Thursday, June 16, 2011

Solar minimum and its affect on climate, the other side

Latitude-time plots of jet streams under the Sun's surface show the surprising shutdown of the solar cycle mechanism. New jet streams typically form at about 50 degrees latitude (as in 1999 on this plot) and are associated with the following solar cycle 11 years later. New jet streams associated with a future 2018-2020 solar maximum were expected to form by 2008 but are not present even now, indicating a delayed or missing Cycle 25. Image and text from:

ABC belatedly reported (borrowing from AFP) on a study that suggests the sun is entering a quiet period similar to the Maunder Minimum, which was a 70-year period when hardly any sunspots were observed between 1645 and 1715, a period known as the 'Little Ice Age'. ABC's report provided reference to a recent study by Georg Feulner and Stefan Rahmstorf based on the results of climate modelling that indicated the potential affect on global temperatures may not be significant with just   "a 0.3°C dip by 2100 compared to normal solar fluctuations."

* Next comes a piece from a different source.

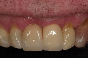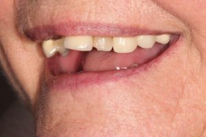 The upper left central and lateral incisors were no longer saveable, the patient also wanted to improve her smile. ‘Partial Extraction Therapy’ was undertaken to maintain small parts of the roots to prevent any loss of gum height/position. Along with a bridge and crown treatment, her smile was dramatically improved. Watch ‘Partial Extraction Therapy’.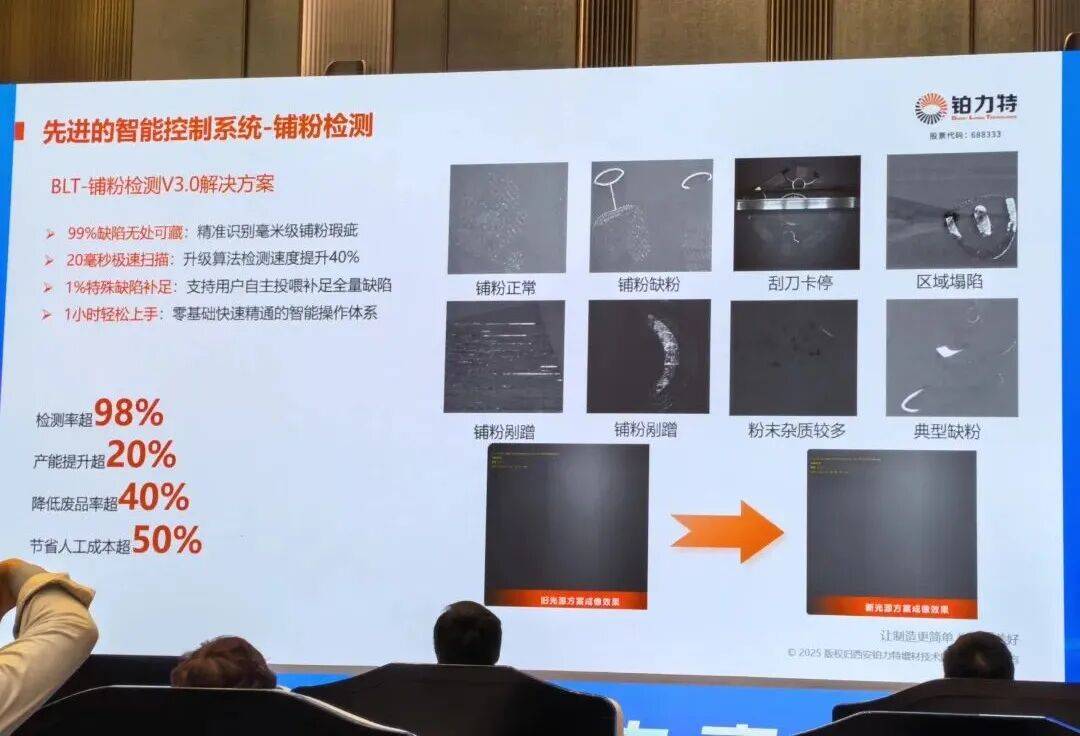 在真正打印过程中风场非常关键,要吹走大颗粒,提升表面质量,保障光学质量,实现低的氩气消耗。打印过程中有很多潜在的缺陷,要通过AI和视觉等手段识别缺陷,把潜在的缺陷处理掉,防患于未然。铂力特如今可以在20毫秒内完成极速扫描,缺陷检出率超98%,显著降低废品率,提升产能。

In the interests of balance (lacking in the ABC's report) we decided to ask a real solar scientist. It seems the impact of reduced solar activity may be more significant than the ABC's one sided report suggesting more research is required.

Email sent 15/6/2011
ABC  News cite a paper by Georg Feulner and Stefan Rahmstorf to suggest that a solar mimnimum would reduce global temperatures by 0.3 degrees by 2100. see GEOPHYSICAL RESEARCH LETTERS, VOL. 37, L05707, 5 PP., 2010 doi:10.1029/2010GL042710 On the effect of a new grand minimum of solar activity on the future climate on Earth
"Here we use a coupled climate model to explore the effect of a 21st-century grand minimum on future global temperatures, finding a moderate temperature offset of no more than −0.3°C in the year 2100 relative to a scenario with solar activity similar to recent decades. This temperature decrease is much smaller than the warming expected from anthropogenic greenhouse gas emissions by the end of the century. "
I am interested in your opinion on the evidence for a future solar minimum based on recent results in the news and its affect on global temperature for a news story.

Marc Hendrickx

Received  15/6/2011
Dear Marc Hendrickx,
I have had a fast look at the paper, and as far as I can see the authors are only looking at solar irradiance changes, and effects like the one that I have been involved in, like an amplification of the solar signal caused by clouds and cosmic ray modulation, is not taken into account. We known with good confidence that the terrestrial response to the solar signal is 3-7 times larger than from solar irradiance alone (see for example the work of Nir Shaviv, attached-Using the oceans as a calorimeter to quantify the solar radiative forcing-doi:10.1029/2007JA012989). Now if such effects are taken into account the result would be very different (larger solar influence). So I do not think that the present work is the particular helpful in understanding the solar impact in near future. It is only an estimate of the impact of solar irradiance as determined from numerical modeling. In the coming years the sun will show by itself how important it is.
Best wishes,
Henrik  (Svensmark)

We have requested ABC amend their story.


  1. Bob in CastlemaineJune 16, 2011 at 10:56 AM

    "We have requested ABC amend their story." Indeed Marc, and hell might well freeze over one day too.
    A good initiative on your part, and good to see such a prompt, relevant response from Dr. Svensmark. But I think it unlikely that he would be on the ABC's authorised list of "reputable climate scientists."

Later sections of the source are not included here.